> **WHAT YOU SHOULD DO**:
From the line containing "Допоможіть будь-ласка дуже" to the end of the data, retype every line exactly and nothing else. Drop the pictures.

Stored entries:
——————————
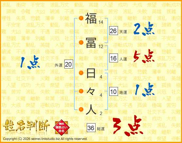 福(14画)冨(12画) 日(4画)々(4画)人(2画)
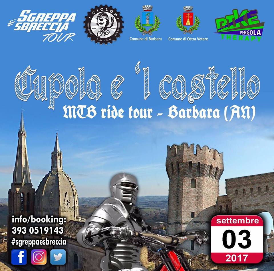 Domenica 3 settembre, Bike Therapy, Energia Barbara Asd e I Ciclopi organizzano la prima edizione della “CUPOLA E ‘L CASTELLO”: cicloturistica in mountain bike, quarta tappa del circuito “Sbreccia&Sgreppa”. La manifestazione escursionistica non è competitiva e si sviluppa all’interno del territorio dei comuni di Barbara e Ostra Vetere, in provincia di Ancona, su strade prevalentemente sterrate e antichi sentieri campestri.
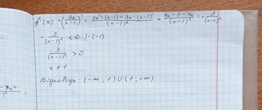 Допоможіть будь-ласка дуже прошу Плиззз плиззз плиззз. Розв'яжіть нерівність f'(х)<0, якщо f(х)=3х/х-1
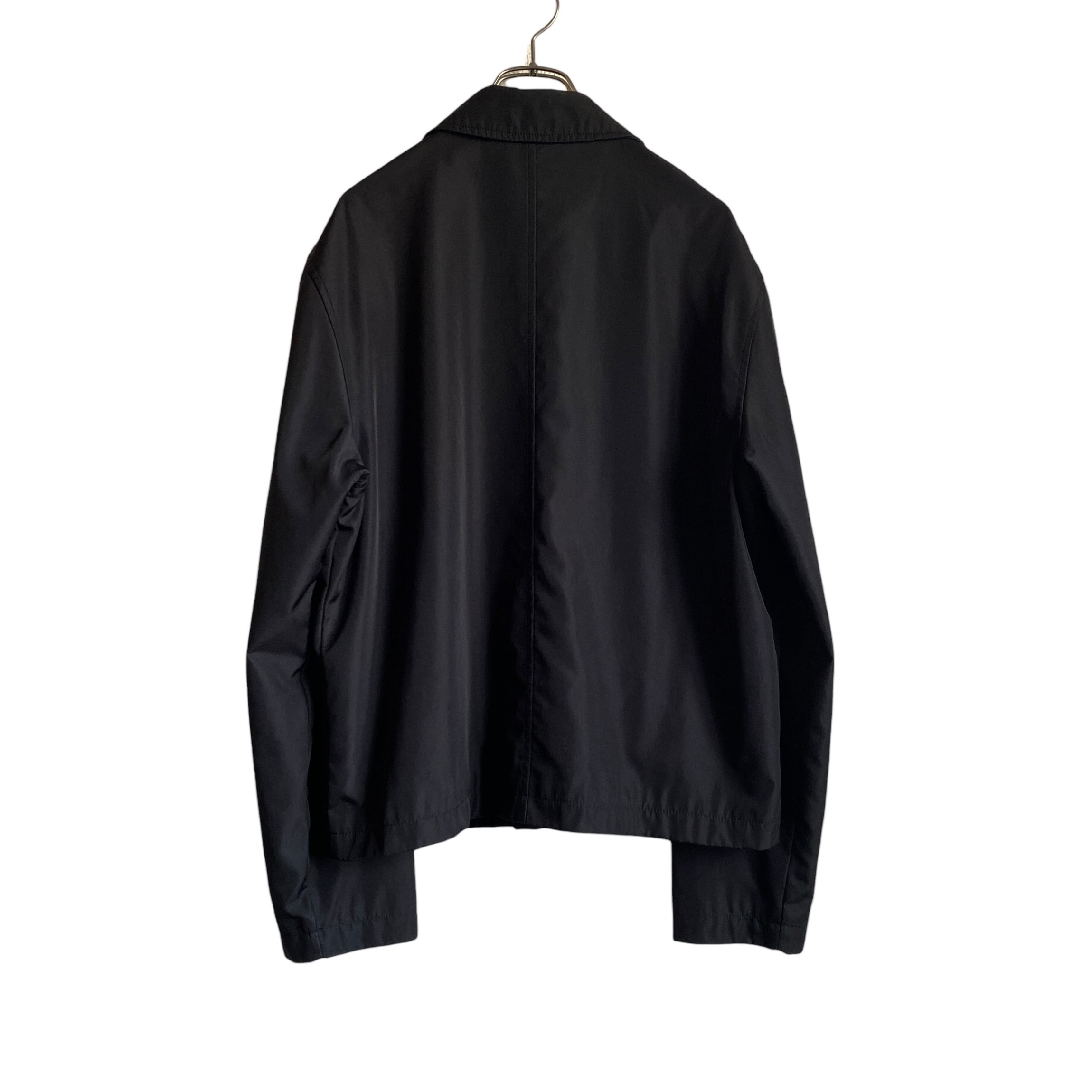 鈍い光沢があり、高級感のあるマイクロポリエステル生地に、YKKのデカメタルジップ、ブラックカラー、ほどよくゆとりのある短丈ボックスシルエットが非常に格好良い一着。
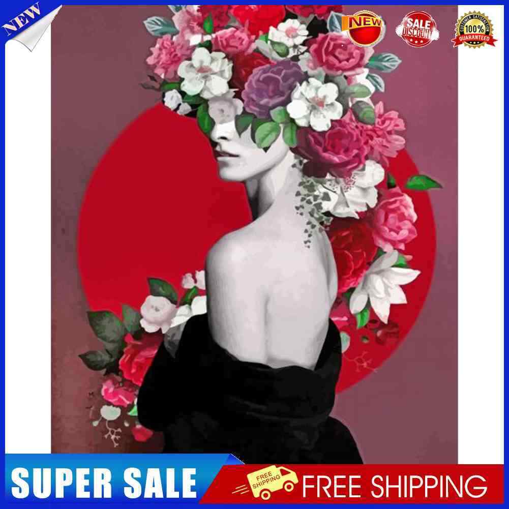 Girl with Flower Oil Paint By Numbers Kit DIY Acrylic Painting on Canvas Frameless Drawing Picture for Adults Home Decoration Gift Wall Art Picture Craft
——————————
> **RESPONSE TO THIS TASK**:
 Допоможіть будь-ласка дуже прошу Плиззз плиззз плиззз. Розв'яжіть нерівність f'(х)<0, якщо f(х)=3х/х-1
 鈍い光沢があり、高級感のあるマイクロポリエステル生地に、YKKのデカメタルジップ、ブラックカラー、ほどよくゆとりのある短丈ボックスシルエットが非常に格好良い一着。
 Girl with Flower Oil Paint By Numbers Kit DIY Acrylic Painting on Canvas Frameless Drawing Picture for Adults Home Decoration Gift Wall Art Picture Craft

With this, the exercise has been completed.